# Concealed Carry Holster For Women Video



## deersniper270 (Apr 29, 2009)

Was looking at some concealed carry holsters on youtube and ran across this and figured yall would get a kick out of it. Enjoy!


----------



## Jason (Oct 2, 2007)

I want to see a 2 gun draw!!! Ole lady just got her permit, might have to show her this video!


----------



## MrFish (Aug 21, 2009)

That thing is pretty cool. I'll have to show the wife this.


----------



## scubapro (Nov 27, 2010)

They might want to check out this one as well:





 
Garter belts are sexy...


----------



## duckhunter (Oct 8, 2007)

Lots of eye candy.......the guns of course!


----------



## scubapro (Nov 27, 2010)

Here's another good one that "falia" produced:


----------



## deersniper270 (Apr 29, 2009)

Lol yeah I saw her too lol. Her lisp is kinda hot lol


----------



## bama99 (Dec 20, 2009)

deersniper270 said:


> Was looking at some concealed carry holsters on youtube and ran across this and figured yall would get a kick out of it. Enjoy!
> 
> http://www.youtube.com/watch?v=h8r6CY5UZyw&feature=related



My wife carries her DB380 in one of those and loves it. She has some aftermarket enhancements so it conceals very well. Careful though fellas....Let them see this and they may use it as a must have self-defense option to justify a new rack.

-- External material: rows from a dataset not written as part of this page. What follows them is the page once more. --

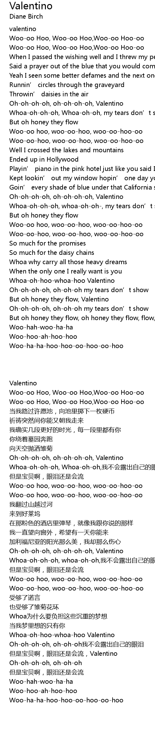 | [02:00.68] | Whoaohhoowhoahoo Valentino |
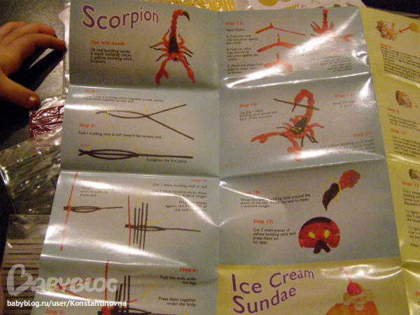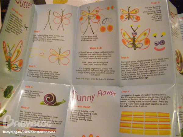500 палочек разных цветов, 10 карточек на плотном картоне по созданию животных и буклет с пошаговой инструкцией еще 20 различных предметов
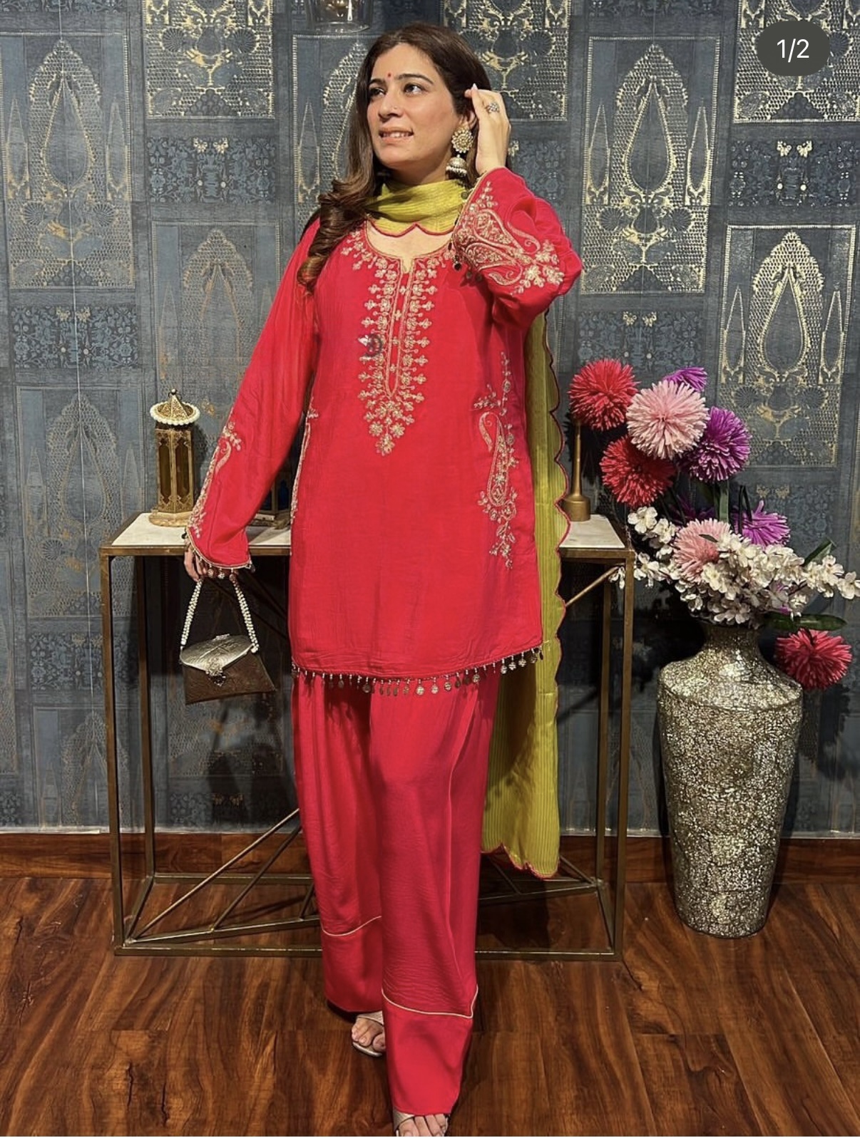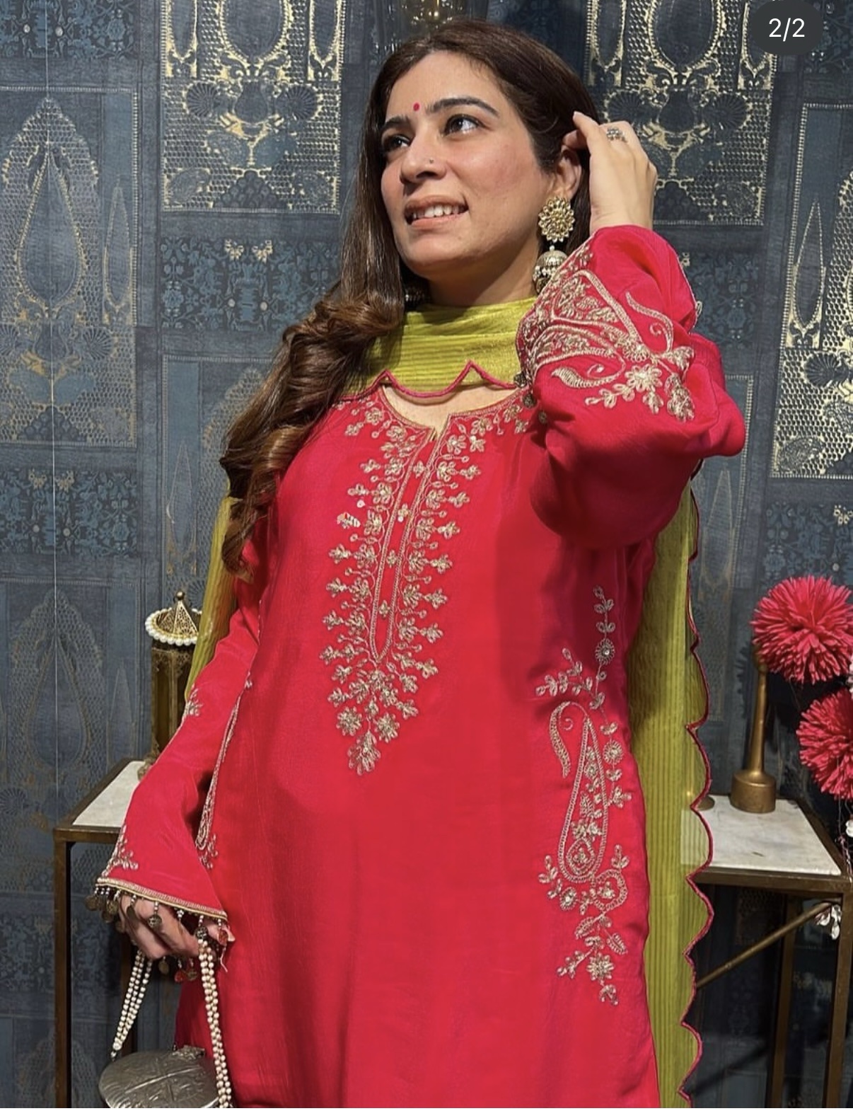 Elevate your festive wardrobe with our Zariya suit, crafted in luxurious crepe fabric and adorned with delicate zari embroidery work. Designed to flatter every size from S to 12XL, this ensemble pairs beautifully with a contrast dupatta, adding a vibrant touch of elegance. Perfect for festivals, weddings, and special occasions, this suit is a blend of tradition and sophistication.
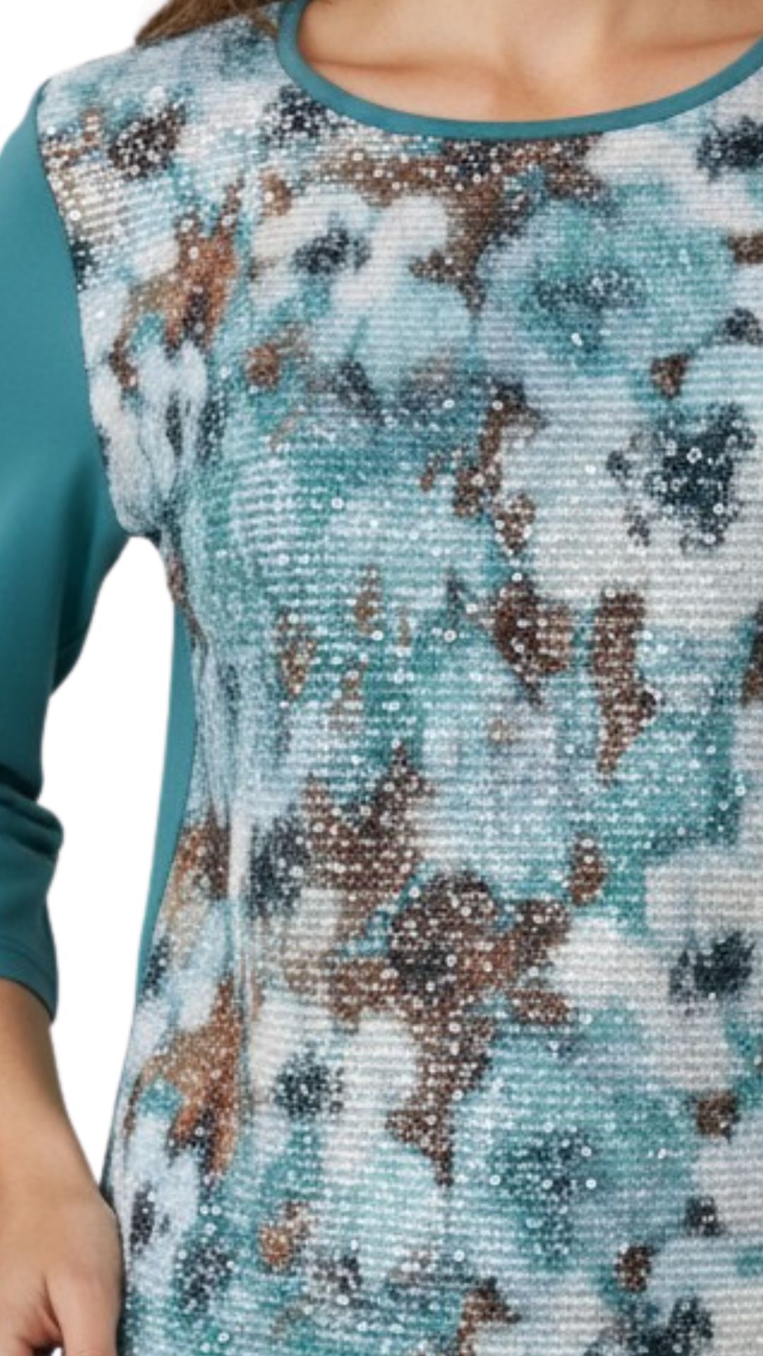 dietro e maniche tinta unita,davanti stampa maculata di paiette confortevole e manica 3/4
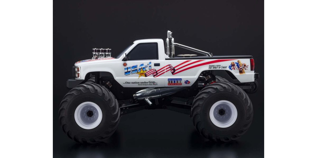 Built on a pickup truck chassis, large diameter tires and big engines with massive horsepower were installed by fun-loving American off-roaders to create the monster truck. These ever-popular monster trucks can be seen on specially-made racing circuits or jumping rows of cars in stadiums across the USA. Many R/C monster truck models have been produced over the years. First among equals is the legendary 1/8 scale USA-1 that embodied the might of American trucking power during the 1980's and 90's. Officially licensed by Kyosho in the 1990's, the R/C model uniquely captured the power and glory of the USA-1. Now it's 'comeback-time' for the USA-1, with modern chassis and drivetrain technology, upgrades unique to the USA-1 throughout, and a newly-designed 'ULTRA SCALE BODY' with form and detail finished to display-model standards. The iconic American flag graphic emblazoned on the body makes your heart swell with pride! The chassis features shaft-driven 4WD and 5-link suspension based on the Mad Crusher 2.0 & FO-XX models. Most of the suspension components have been uniquely upgraded and reinforced for the USA-1 at each point to handle the powerful KE25SP2 engine, and the rigors of monster trucking. A 3-speed automatic transmission produces dynamic acceleration, which is enhanced by a true suspension system to produce "scale" running characteristics worthy of the prestigious USA-1, and make you feel like a monster truck driving god. Released as a pre-assembled Readyset, the USA-1 is almost ready for action straight out of the box.

Flashbang Holster = $39.95 Twins to hide it under = $4800


----------



## baldona523 (Mar 2, 2008)

bama99 said:


> My wife carries her DB380 in one of those and loves it. She has some aftermarket enhancements so it conceals very well. Careful though fellas....Let them see this and they may use it as a must have self-defense option to justify a new rack.
> 
> Flashbang Holster = $39.95 Twins to hide it under = $4800


and the problem is?


----------



## baldona523 (Mar 2, 2008)

Personally the bra one looks dangerous. Shooting a gun is one thing, but my wife for one would still be nervous as heck if she had to draw it to protect herself and it does not seem like a good idea to have the gun pointed at your head IMO.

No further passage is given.